* Task description *
Repeat exactly the line that contains "在这些丰富的游戏内容中,网络" and every line after it, down to the last line of the entries below. Do not include pictures.
### Source information ###
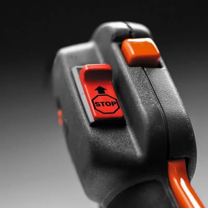 Бензиновый триммер имеет прямую штангу для увеличения охвата и редуктор, обеспечивающий повышенный крутящий момент. Регулировка длины лески происходит в полуавтоматическом режиме. Во время работы достаточно слегка ударить триммерной головкой по земле, чтобы режущая струна выдвинулась из катушки. В комплект поставки входит четырехлопастной нож запатентованной формы для кошения жесткой и высокой травы. Выключатель зажигания на рукоятке управления автоматически возвращается в начальное положение, упрощая повторный запуск.
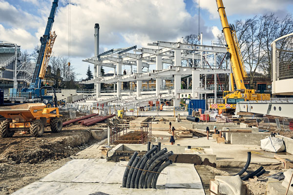 Forming part of Marylebone Cricket Club’s (MCC) ongoing masterplan to redevelop the world-famous and historic Lord’s Cricket Ground, two new steel-framed stands are currently under construction.
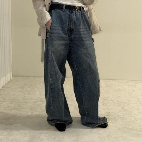 [갓샵]여성 포켓 핀턱 와이드 워싱 데님 조거 팬츠 청바지
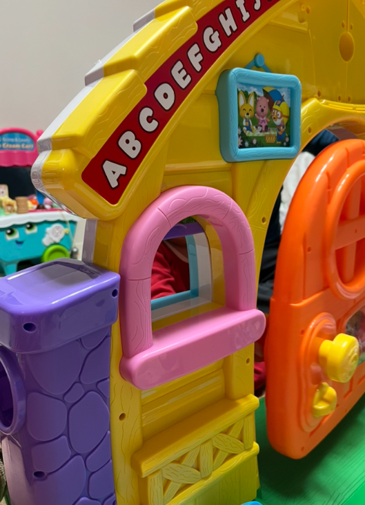 아직 기어 다니지는 못해도 대문 바로 앞에 앉아 변기 위쪽에 달려있는 바스락거리는 휴지랑 뽀로로 음성과 동요가 나오는 전화기를 제일 좋아해요 기어 다니기 시작하면 문짝 앞뒤로 왔다 갔다도 하고 시계놀이도 하고 공놀이도 하면서 더 다채롭게 즐겨주겠죠 아! 그리고 C타입 건전지가 3개 필요한데 처음부터 안 들어있으니까 꼭 같이 준비해 주세요 :)
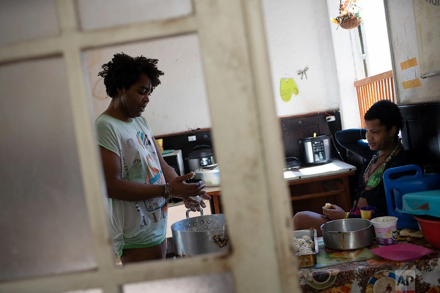 Morgana keeps Micaela company as she prepares rice balls for lunch in the kitchen of the squat known as Casa Nem, occupied by members of the LGBTQ community who are in self-quarantine as a protective measure against the new coronavirus, in Rio de Janeiro, Brazil, Wednesday, July 8, 2020. (AP Photo/Silvia Izquierdo)
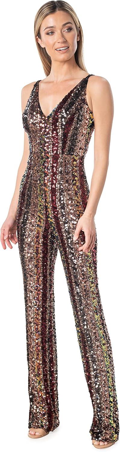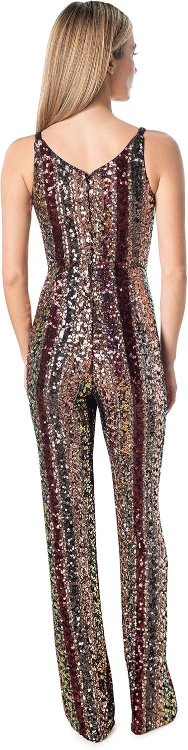 Dress the Population Women’s Charlie Plunging Sequin Sleeveless Jumpsuit(Bronze Multi)
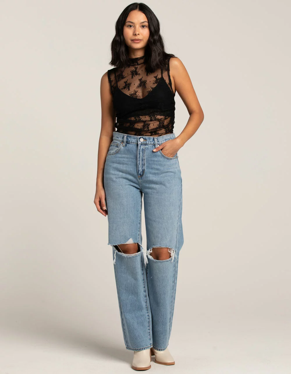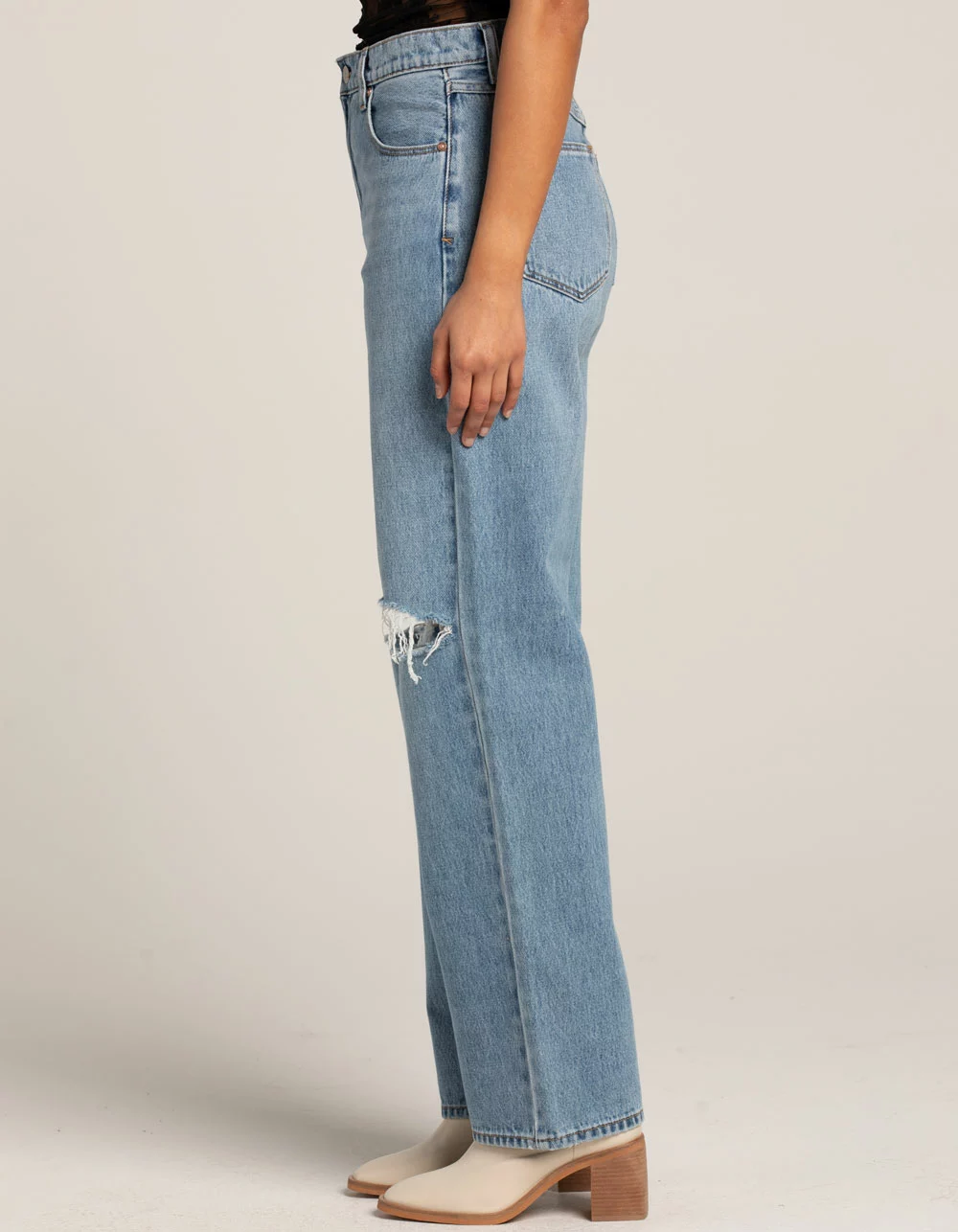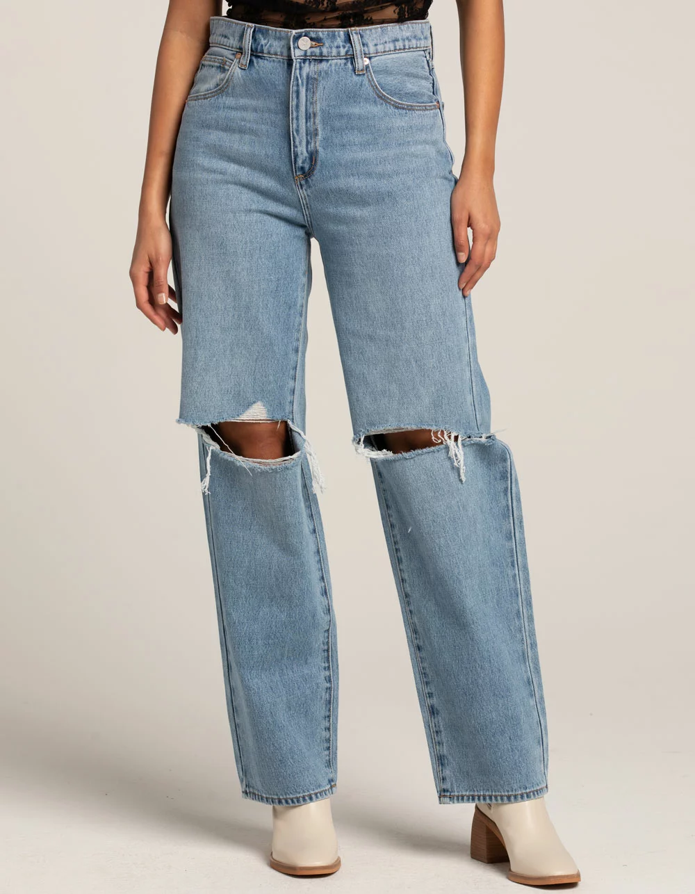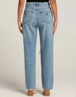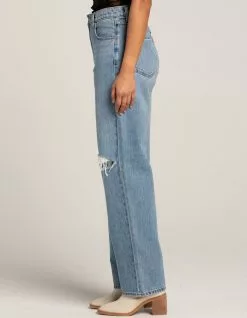 Abrand Slouch Harley Rip Jeans. Zip fly and button closure. Belt loop waist. Traditional five pocket styling. Rips at knees. High rise. Straight leg, loose fit. Approx. inseam: 31”. 100% Cotton. Machine wash. Imported.
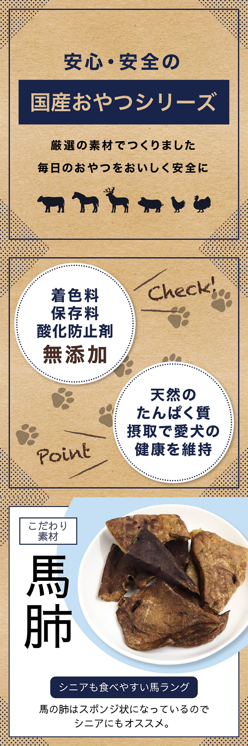 馬の肺はスポンジ状になっているのでシニアにもオススメ。アレルギーの子にも配慮。
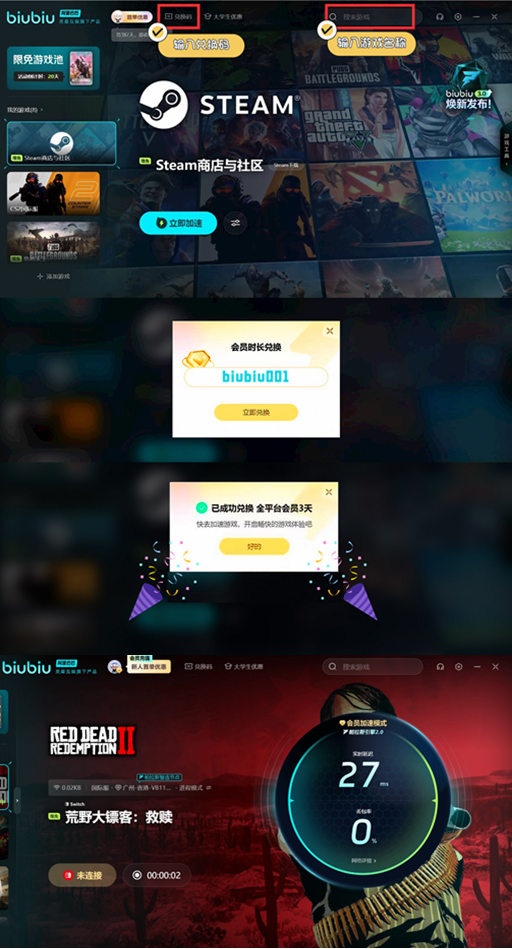 在这些丰富的游戏内容中,网络环境可是享受游戏过程中非常重要的一个因素。除了前文提到的下载方面,我们还可能遇到卡顿、卡加载等问题。此时一款优质的加速器就显得尤为重要,这里小编推荐biubiu加速器,对于新用户注册能获得24小时,新老用户还能领取而输入兑换码biubiu001,更能额外获得72小时的免费加速时长,合计96小时的免费加速时长,帮助你丝滑感受荒野大镖客救赎的每一个精彩瞬间!
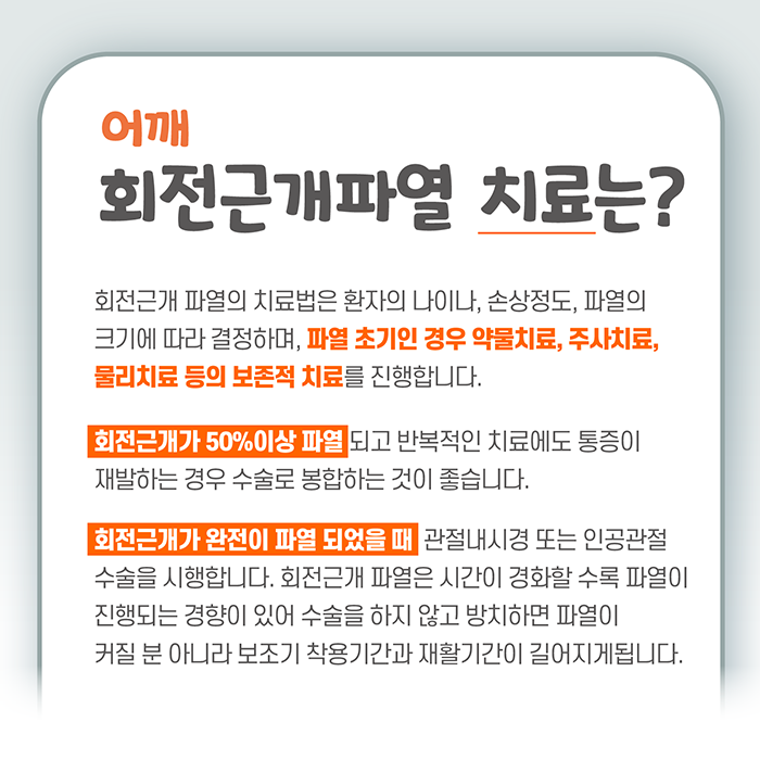 자연스럽게 치유될 때까지 기다리면 1~2년 정도 지속됐을 통증이 오십견 수술을 하면 단기간에 좋아집니다. 그러나 어깨 수술이 끝났다고 해서 바로 앞 어깨 상태로 돌아갈 수 있는 것은 아닙니다. 부드러운 어깨를 위해서는 2~3개월간 재활치료를 받아야 합니다. 오십견 수술 약 하루 동안은 유착이 생기는 것을 막기 위해 보조기를 착용하고 회전근개봉합술까지 함께 진행했다면 수술 부위를 보호하기 위해 2주 정도는 보조기를 착용하는 것이 좋습니다. 파열되어 있던 인대의 범위나 양상에 따라 이는 최대 1~2개월까지 연장될 수 있습니다.
###
* Response to the task *
 在这些丰富的游戏内容中,网络环境可是享受游戏过程中非常重要的一个因素。除了前文提到的下载方面,我们还可能遇到卡顿、卡加载等问题。此时一款优质的加速器就显得尤为重要,这里小编推荐biubiu加速器,对于新用户注册能获得24小时,新老用户还能领取而输入兑换码biubiu001,更能额外获得72小时的免费加速时长,合计96小时的免费加速时长,帮助你丝滑感受荒野大镖客救赎的每一个精彩瞬间!
 자연스럽게 치유될 때까지 기다리면 1~2년 정도 지속됐을 통증이 오십견 수술을 하면 단기간에 좋아집니다. 그러나 어깨 수술이 끝났다고 해서 바로 앞 어깨 상태로 돌아갈 수 있는 것은 아닙니다. 부드러운 어깨를 위해서는 2~3개월간 재활치료를 받아야 합니다. 오십견 수술 약 하루 동안은 유착이 생기는 것을 막기 위해 보조기를 착용하고 회전근개봉합술까지 함께 진행했다면 수술 부위를 보호하기 위해 2주 정도는 보조기를 착용하는 것이 좋습니다. 파열되어 있던 인대의 범위나 양상에 따라 이는 최대 1~2개월까지 연장될 수 있습니다.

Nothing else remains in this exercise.